Accept whitespace trimming settings#97
Conversation
98d40f6 to
b9baeee
Compare
|
Added some updates, its much cleaner and a bit faster. I've also done some performance analysis now. Here is master: The average performance impact across all benchmarks is roughly 46% slower (the error bars might be up to 10% off that, not helped by weird things like write benchmarks being mysteriously slower too). |
|
@BurntSushi: Hey I know you're probably busy with impl period stuff, but I was hoping you could take a preliminary look at this and at least give me an acceptable/unacceptable in principle. I'm happy to come up with an alternative approach, but I'll have really spotty internet in a week so if its necessary I'd like to figure out the high-level stuff this week. |
BurntSushi
left a comment
There was a problem hiding this comment.
@medwards Thanks so much for doing this! I know this is hard work, and I'm sorry it took me so long to look at this, but PRs implementing tricky tasks like this are time consuming to review.
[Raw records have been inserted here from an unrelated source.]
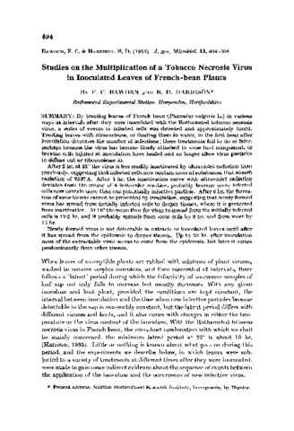 Studies on the multiplication of a tobacco necrosis virus in inoculated leaves in French-bean plants.
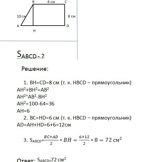 Менша основа прямокутної трапеції дорвнює 6 см, а бічні сторонни – 8 см і 10 см.
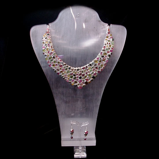 Displayed is a tourmaline jewelry set coming in a sterling silver setting. It consists of a pair of earrings and a necklace. The necklace is well studded with multi-colored tourmalines for added grace and charm.

Overall, most of my comments on the code are pretty minor, but the bigger piece of feedback here is: should trimming only account for ASCII spaces in string records? It makes sense for byte records, but for string records, it kind of seems like we should trim all kinds of whitespace, as defined by Unicode.
Similarly, if we offer a trim method on ByteRecord, then we should also offer a trim method on StringRecord. This may be a little tricky to implement in a way that's fast, so I'd suggest picking a slow but convenient implementation if possible. I can try to help with that...
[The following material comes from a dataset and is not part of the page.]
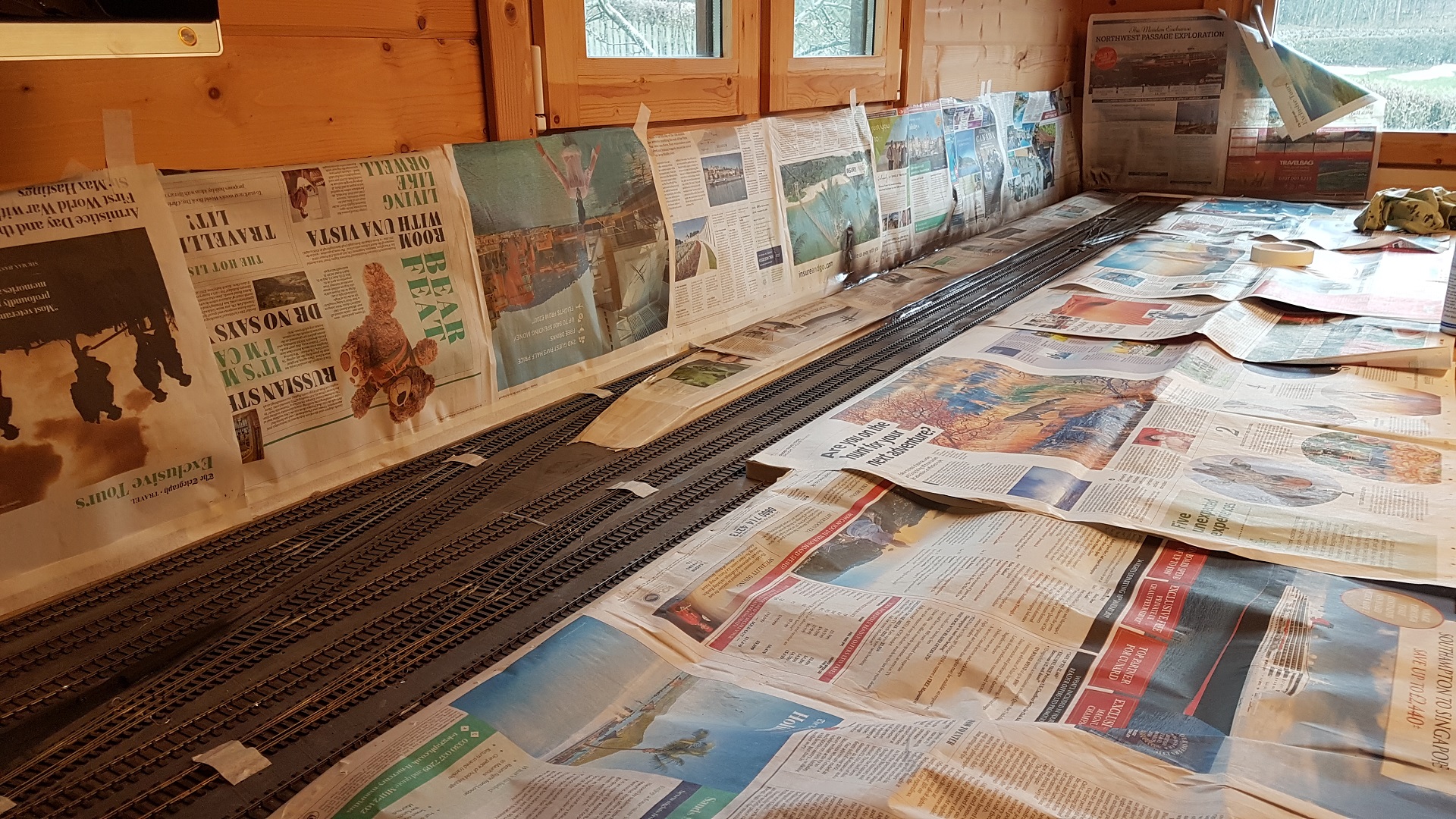 Meanwhile my wife has been persuaded to have a go at the backscene. We've plonked a few trees in the front temporarily to give it some depth. Makes it start to come to life, doesn't it? |

| /// Trim whitespace from headers | ||
| Headers, | ||
| /// Trim whitespace from fields | ||
| Fields, |
| /// The terminator that separates records. | ||
| term: Terminator, | ||
| /// Whether to trim fields or headers | ||
| pub trim: Trim, |
|
|
||
| /// The whitespace preservation behaviour when reading CSV data. | ||
| #[derive(Clone, Copy, Debug, PartialEq)] | ||
| pub enum Trim { |
There was a problem hiding this comment.
I'm a little surprised that this type is in csv-core. In particular, csv-core doesn't know about things like headers, and more importantly, this type isn't even used in csv-core at all. It seems like you set it as a knob on the reader, but you never actually use it anywhere.
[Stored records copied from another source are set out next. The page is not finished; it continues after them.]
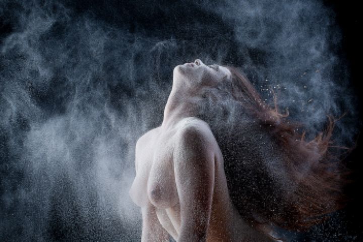 Девушка делает взмах волосами испачканными в муке. Заморозка движения генератором Broncolor.
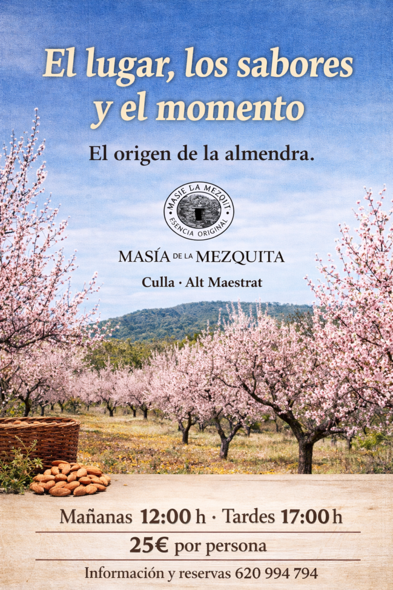 Elegir el lugar forma parte de la experiencia, en este caso el lugar son los campos de almendros donde se aprende como nace la almendra, como se forma y se cultiva este fruto seco característico de nuestra comarca. A través de todos tus sentidos conocerás la vida de la almendra y al final la experiencia gastronómica cerrara esta visita única que no te dejara indiferente. Un momento para recordar.
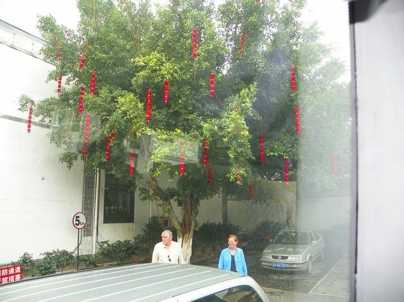 This tree is decorated with good luck charms at the hotel in Dali. Many trees and houses and businesses are decorated in red like this. I thought they were stunning!

(To be clear, I don't think csv-core should implement trimming either. It should strictly be in the csv crate.)
|
|
||
| /// Trim the fields of this record so that leading and trailing whitespace is removed. | ||
| /// | ||
| /// Note that the whitespace trimmed is currently only the ASCII space and tab. |
There was a problem hiding this comment.
I suspect this should include all ASCII space characters. According to Unicode, that's [\u0009-\u000D] and \u0020.
| fn count_leading_whitespace<R: Iterator<Item=usize>>(&self, range: R) -> usize { | ||
| let mut count = 0; | ||
| for i in range { | ||
| let field_char = self.0.fields[i] as char; |
There was a problem hiding this comment.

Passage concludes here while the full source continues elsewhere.